The Corner

Economy & Business

How Trump Echoes Reagan on Trade

President Reagan meets Donald Trump, 1987. (via Wikimedia Commons)

Jeffrey Frankel, a veteran of President Bill Clinton’s Council of Economic Advisers and a professor at the Harvard Kennedy School, has just published an incisive column on the Republican party’s protectionist pedigree. From its founding in the 1850s to the 1950s, the GOP was overwhelmingly opposed to free trade, largely because it represented the country’s most industrialized regions, where manufacturers sought protection from import competition. The Democratic party of this era was instead rooted in agriculture-exporting states, which sought lower import barriers as a matter of course. What is less appreciated, and what Frankel makes clear, is that in the modern era, “the three US presidents who arguably took the most aggressive protectionist actions in the last half-century, excluding Trump, were all Republicans.” He then goes on to describe the actions of Richard Nixon (who imposed sweeping tariffs and, relatedly, dismantled the Bretton Woods global economic system by closing the U.S. gold window), Ronald Reagan (who, among other things, imposed “voluntary export restraints” on Japan in an effort to forestall further protectionist measures and brokered the Plaza Accord, which depreciated the U.S. dollar to reduce the trade deficit — though Frankel, who has praised the Plaza Accord elsewhere, doesn’t mention it in his piece), and George W. Bush (who briefly imposed tariffs on steel products in 2002, in an effort that was widely derided as transparently political).

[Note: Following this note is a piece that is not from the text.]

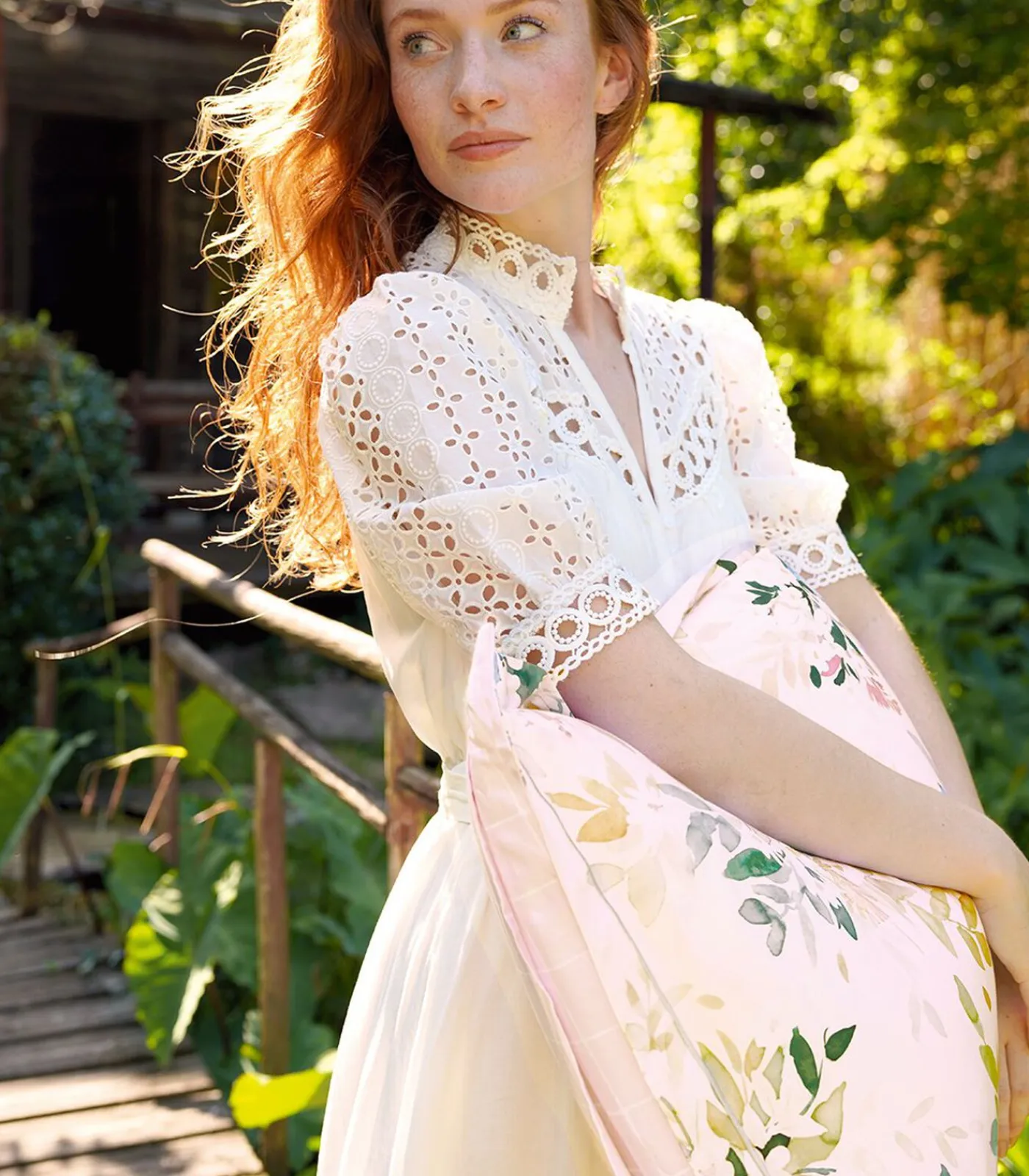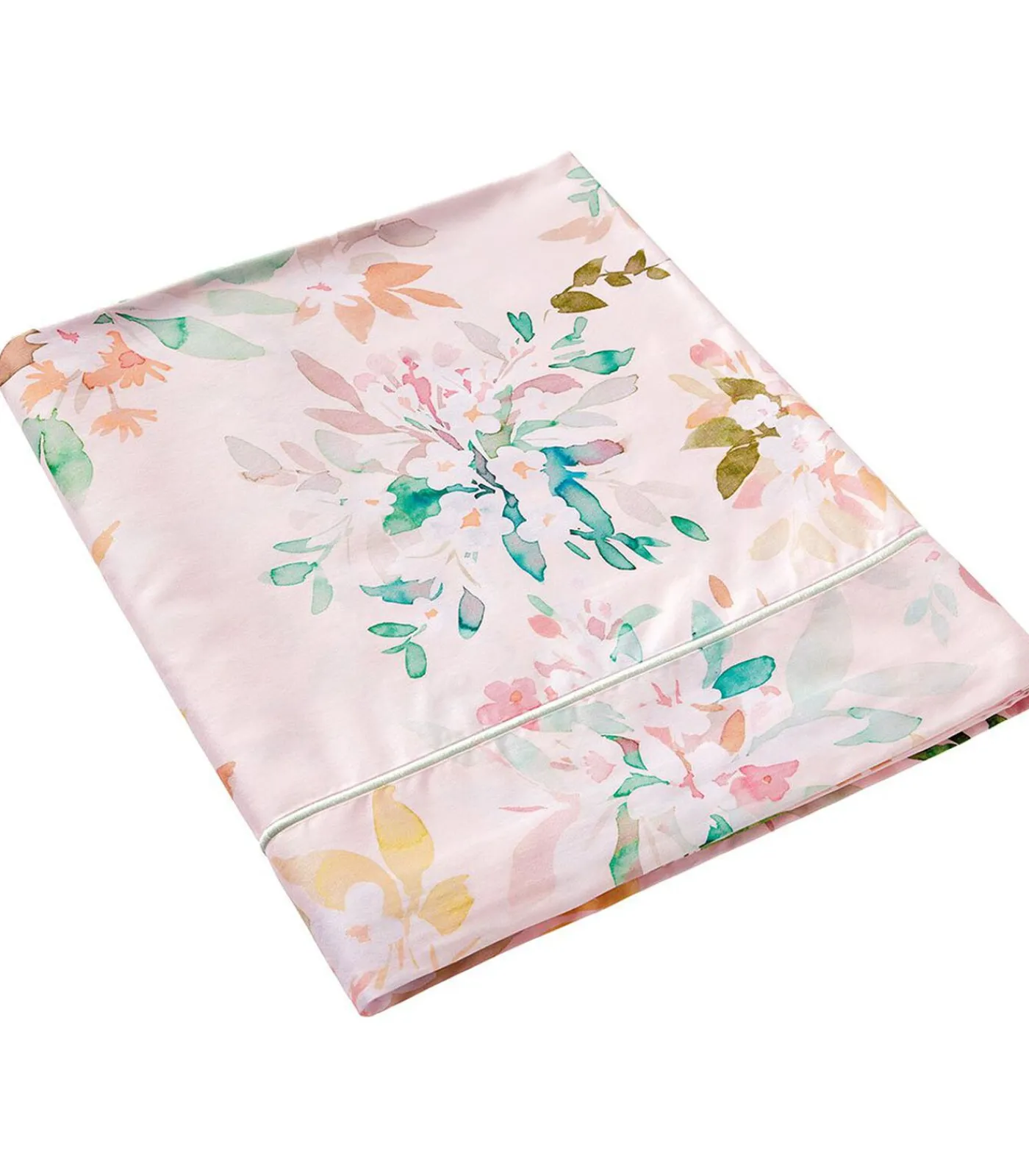 Bedrukking van aquarelbloemen op een lichtroze achtergrond.Bies van 8 cmAfgewerkt met een fijne lichtgroene bourdonsteek.

My only quibble with Frankel’s narrative about GOP protectionism is that George W. Bush was far more consistent in his support for free trade than either Nixon or Reagan, both of whom were quite open to the possibility that protectionist measures might, in the long run, protect the legitimacy of the market economy and international trade. In other words, they were less ideological about trade. Bush was, I think it’s fair to say, quite a bit more so, as demonstrated by his extreme reluctance, temporary steel tariffs notwithstanding, to make use of the “special safeguards” provision to address Chinese import surges following China’s WTO accession, as Brad Setser of the Council of Foreign Relations has outlined.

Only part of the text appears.